Hell, then, is that state designated for those who willingly, "with full knowledge and full consent", as the old catechism would have it, turn their backs on God.

Belief in hell, of late, is not what it used to be. This, it must be said, is not something many regret. It is unlikely there will be much celebration at the revival initiated by Pope Benedict.

One group, however, may greet its return with more enthusiasm than most. I refer to our artists, that segment of humanity who put such vivid flesh on the concept in literature.

There was Dante, famously in his Divine Comedy(not the group fronted by Neil Hannon). Dante lived from 1265 to 1321. He saw hell, so to speak, as a great inverted cone that pierced the centre of the Earth. At the top was the point where Lucifer and his angels hit the earth, like a meteorite, when cast from heaven.

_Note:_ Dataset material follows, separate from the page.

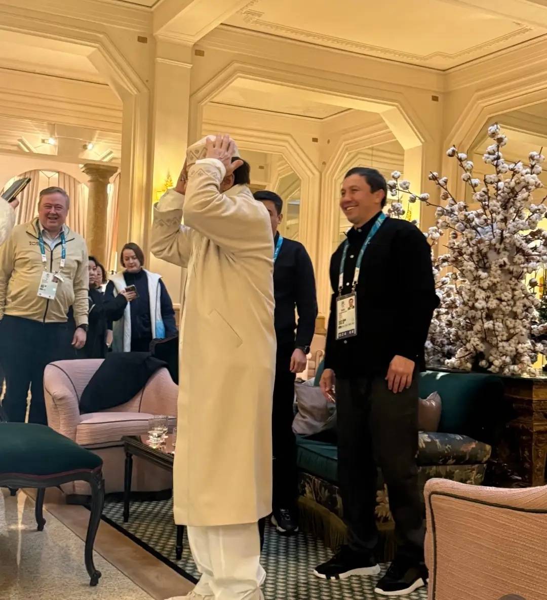 成龙还入乡随俗的换上了当地的特色服饰,带着特色刺绣的浅咖色外套,还有同款帽子,感觉跟新疆那边的服饰也比较相似。

Over the gates to the underworld are inscribed the words, "All hope abandon, ye who enter in!"

At its core of nine circles resides the arch-traitor himself, Lucifer, weeping as he relentlessly chews on the bodies of three other traitors, Judas, Brutus, and Cassius. With Jeffrey Archer nowhere to be seen.

Then there was John Milton who, in his Paradise Lost(1667), described hell as A dungeon horrible, on all sides round/As one great Furnace flam'd, yet from those flames/No light, but rather darkness visible/Serv'd only to discover sights of woe, Regions of sorrow, doelful shades, where peace/And rest can never dwell, hope never comes/That comes to all.

We learned it at school. Just the thing for adolescent imaginations. And then there was Fr Arnall's hellfire sermon in Joyce's Portrait of the Artist as a Young Man, just in case Milton didn't get to us.

Hell, said Fr Arnall, is "an abode of demons and lost souls [ a bit like our class at school] filled with fire and smoke . . . It is a never-ending storm of darkness, dark flames and dark smoke of burning brimstone, amid which the bodies are heaped one upon another without even a glimpse of air . . . All the filth of the world, all the offal and scum of the world, we are told, shall run there as a vast reeking sewer . . ."

Not much left to the imagination there.

Personally, I am attracted to the attitude of John Pake Casserly, an old neighbour at home in Ballaghaderreen.

Once asked whether, when he died, he would go to heaven or hell, he replied "I don't mind. I have friends in both places."

He died in 1999 and has been resting with friends since.